Work instructions:
Word for word, copy all the data and drop the pictures.

Source data:

******

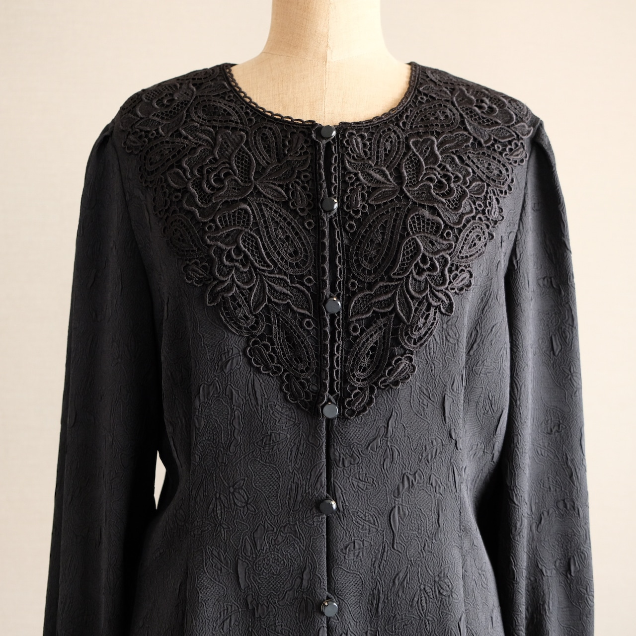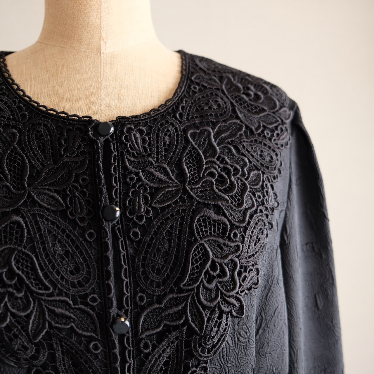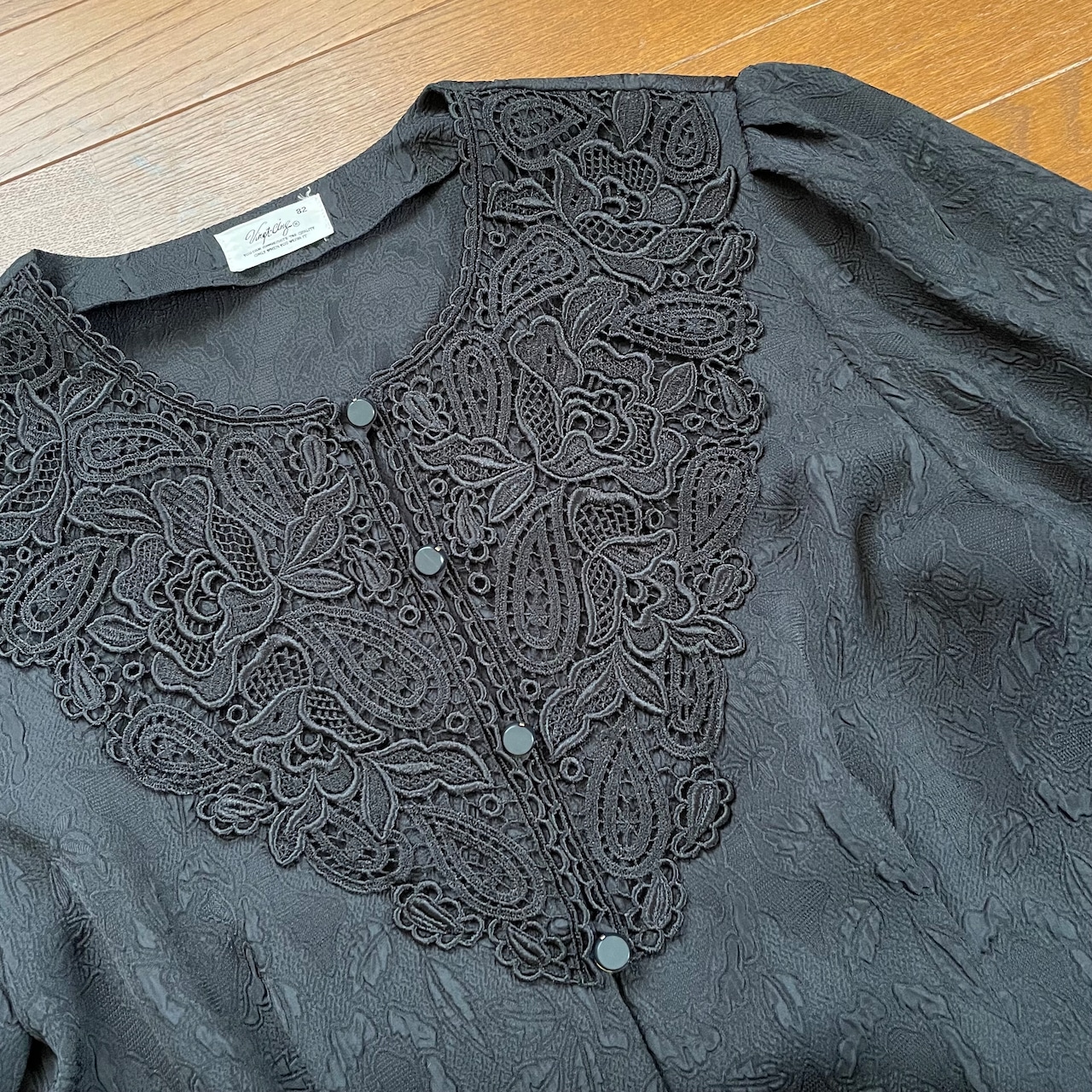 豪華なケミカルレースがすてきなブラウスです。生地にも柄が織り込まれております。
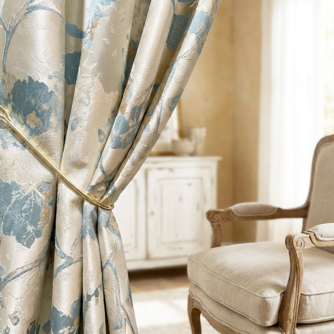 Secret Garden Silky Cream & Pastel Teal Floral Curtain with Gold Details
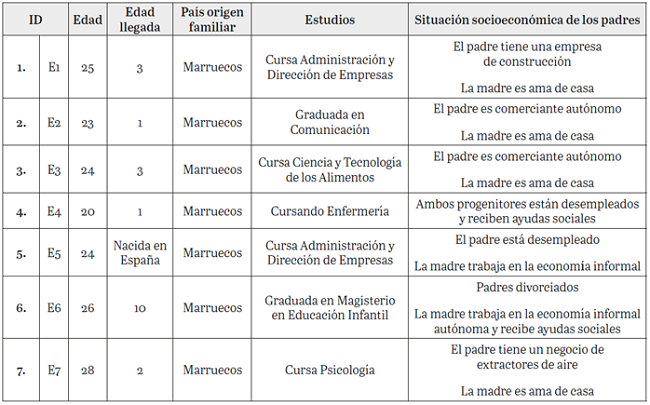 El enfoque metodológico de este estudio es de corte cualitativo y se desarrolla a partir de relatos de vida de siete jóvenes musulmanas de origen marroquí, con edades comprendidas entre los 18 y los 29 años. Se ha seleccionado la muestra en base a dos criterios; por un lado, que las jóvenes estén o hayan cursado estudios postobligatorios (estudios superiores), considerando el rol que juega el nivel educativo en la configuración de la identidad religiosa y; por otro, que las participantes presenten experiencias asociativas, al ser un factor clave en el proceso de resignificar su religiosidad. Con base en esto último, se observa un contexto asociativo orientado hacia la organización y generación de espacios de participación local, específicamente en las ciudades de Badalona y Santa Coloma de Gramenet (provincia de Barcelona), que contribuye a transformar su realidad y divulgar discursos a favor de la convivencia intercultural, la diversidad religiosa y la defensa de derechos de ciudadanía. Por último, si bien la muestra no es representativa en términos estadísticos, constituye un perfil pionero, objeto de todavía escasos estudios en el contexto español (Bertrán, Ponferrada y Pàmies 2016; Mendoza 2018; Mendoza, Bertrán y Pàmies 2021).

******

Response for this exercise:
 豪華なケミカルレースがすてきなブラウスです。生地にも柄が織り込まれております。
 Secret Garden Silky Cream & Pastel Teal Floral Curtain with Gold Details
 El enfoque metodológico de este estudio es de corte cualitativo y se desarrolla a partir de relatos de vida de siete jóvenes musulmanas de origen marroquí, con edades comprendidas entre los 18 y los 29 años. Se ha seleccionado la muestra en base a dos criterios; por un lado, que las jóvenes estén o hayan cursado estudios postobligatorios (estudios superiores), considerando el rol que juega el nivel educativo en la configuración de la identidad religiosa y; por otro, que las participantes presenten experiencias asociativas, al ser un factor clave en el proceso de resignificar su religiosidad. Con base en esto último, se observa un contexto asociativo orientado hacia la organización y generación de espacios de participación local, específicamente en las ciudades de Badalona y Santa Coloma de Gramenet (provincia de Barcelona), que contribuye a transformar su realidad y divulgar discursos a favor de la convivencia intercultural, la diversidad religiosa y la defensa de derechos de ciudadanía. Por último, si bien la muestra no es representativa en términos estadísticos, constituye un perfil pionero, objeto de todavía escasos estudios en el contexto español (Bertrán, Ponferrada y Pàmies 2016; Mendoza 2018; Mendoza, Bertrán y Pàmies 2021).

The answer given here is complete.